Saturday, December 18, 2010

BITE ME!

Actually, Dec 17
Hi, it's me, Barney, that annoying, huge purple beast that toddlers love and parents want to kill. I know you think I was arrested for child inappropriacy or some such disgraceful situation, but no, I write from the ospedale, resplendent in my purple coat. "But, Barney, aren't you supposed to be jolly and fully porpherus, rather than a grouchy, pitiful sicky with huge violet patches up and down your flabby arms and legs?" "Bite me."

Dear Dr P:
You are a sweet guy. You are knowledgeable and attentive. You don't mean to test my pain threshold on a daily basis and cover me in ginormous purple bruises. You certainly don't mean to break my veins and subject me to weird thrombosis treatments including aluminum water (?!?) held in by a giant diaper. However, this is what you do. I politely request, with all due respect, and with your needle at a distance, that you BITE ME.

My niece sends a spazzy threat and a two-middle-finger salute (half the peace sign, as G would call it) to the next person to treat me rotten. So there!


When do you officially become a certified vromyar? If your nose is partly clogged, and you can't smell yourself, does it count?
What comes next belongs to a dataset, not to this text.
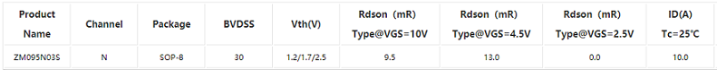 ZM095N03S SOP-8 30 ±20 1.2/1.6/2.5 9.5/12 13/18 - - 10

If you're visually tidy, but bodily stinky, does it count? If your family is too nice to tell you you're reeky, does it count? Just wondering for academic reasons...

I will spare you the details of last week, when I sat about the perch with what turned out to be a hematocrit of 12. Are you familiar with those rubbery, jelly-like, amorphous toys sold by the Pakis in Monast? You slam 'em on the ground and they spread out with a plop? 'Twas I. Also, almost no platelets (cause of 2-day (!!) nosebleed of which you really don't want the details), almost no whites. Turns out the mustard is eviler than we thought.

The handyman has agreed to do some guest blogging as soon as he thinks of a good topic. Hopefully he will also address the existence of photos such as the following:

Is this just an innocent fitness planning chat, or is it part of the attempt to usurp my favored status and stage a coup de direction that will shake the very foundations of the KAS? Attention au grisby, Tonton Pierre! Attention au grisby!

may be getting out tomorrow...

18 Dec
Update: got out. Todo bi. On the way to the perch. Περαστικά, G, join us soon. Bring sis and Precious P.

3 comments:

FSM said...

KAS update: K is singing to B in the kitchen at the moment, quite energized by her few moments in passing with full scoop auntie this afternoon!!!!

Rachel said...

Those pics are so cute, esp. the one of Handyman and K. CUTE!!!

I'm glad you're sprung, I hope you're feeling better.

I am also glad that Barney does not seem to be on my kids' radars :) But I wish someone would bruise up Dora the Explorer, she totally has it coming for her over-enunciation alone.

Sir Louris W. Badderson said...

Barney is a vessel of evil. It sucks to be him. Dora is sweet and has a smart backpack. She is friends with a monkey. She knows a few words of Spanish. She is darkish and chubby. I like her.

PS: For future reference: When looking at "cute" pictures, you sometimes need to dig below the surface and look for ulterior meanings. Two platinum members of the KAS have started breaking Association Rules. G and the Spaz have been engaging in running events that exclude immobile pitiful sickies...What have they been discussing?